小説世界に転生したのに、八年たってから気づきました
 それからも、私とローレンによる『レオとローレンを引き合わせよう作戦』は頻繁に行われたが、なぜか思うような結果がついてこない。現在、私達は顔を付き合わせて反省会である。

「どうしてこんなにレオ様とお話しできないの……!」

「小説ではどうだったの」

「小説では、途中からは積極的に助けに来てくれたのに」

 普段しつこく寄ってくるリンネに辟易していたこともあって、リンネがローレンをいじめているとローレンをかばい、リンネから嫌われようとわざとローレンに肩入れする姿を見せていたのだという。

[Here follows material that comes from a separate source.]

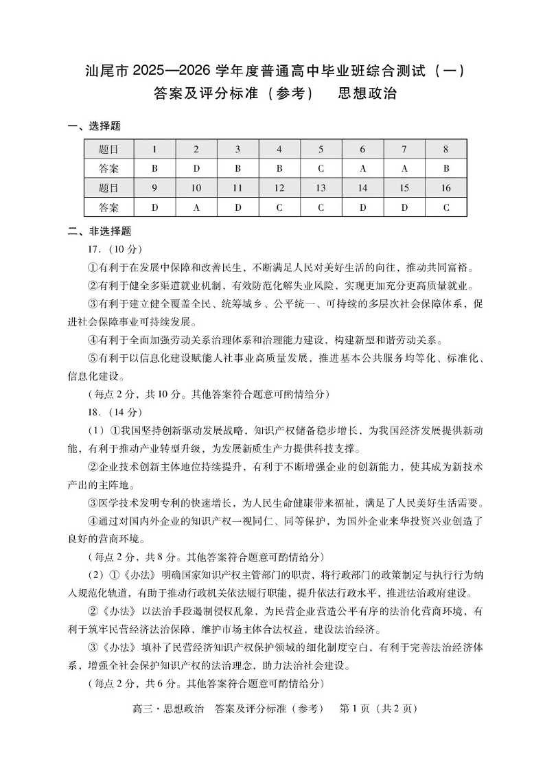 汕尾市2025—2026学年度普通高中毕业班综合测试(一)政治答案.pdf
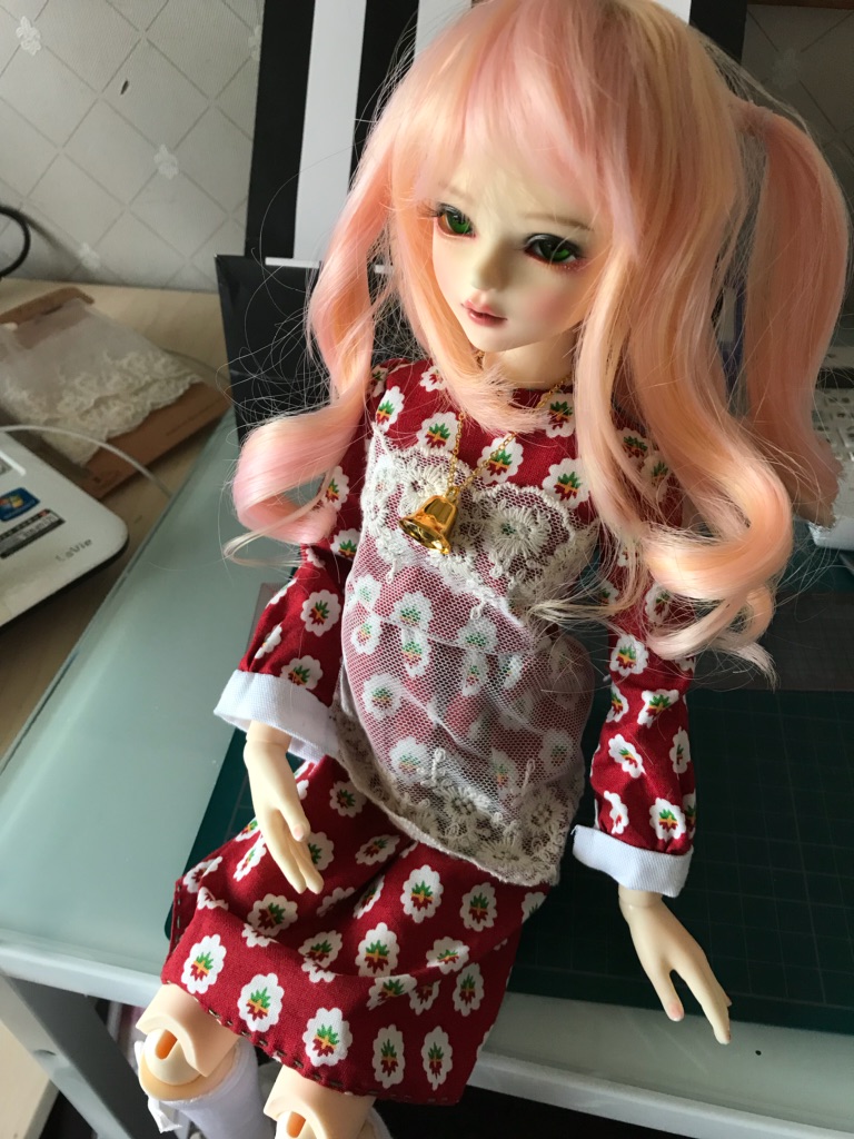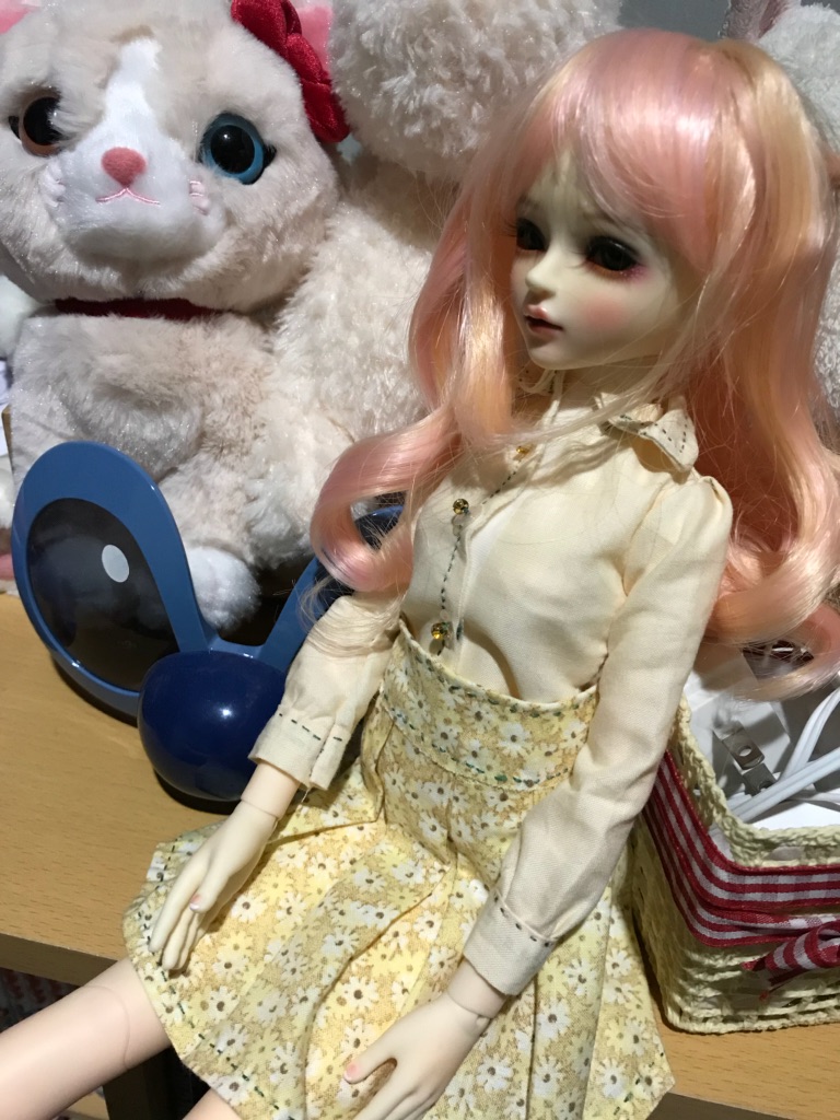 お洋服をつくってキャッキャするのが目的なのでウィッグとかアイはまだ手を出さない予定。十分かわいいというかカラーリング好きなので・・・黄色ぎみな薄ピンクで超かわいいんですよ。

「……じゃあ、まず私が嫌われればいいのか。レオが嫌だと思うまで引っ付いてこればいい?」

「いや待って。今の感じだと、それ、逆効果にしかならない気がする」

 ローレンはすごく嫌そうな顔をして、渋々と口を開いた。

「信じたくはないけど、今のレオ様はあんたのことが結構気に入っているのよ、たぶん」

「まあ、友達だもんねぇ」

「友達って……婚約者にまでなっておいて……」

「ん?」

「いいえ。何でもないわ」

 いろいろ含みのある言い方をされるけれど、通じないからはっきり言ってほしい。私は勘がいい方ではないのだ。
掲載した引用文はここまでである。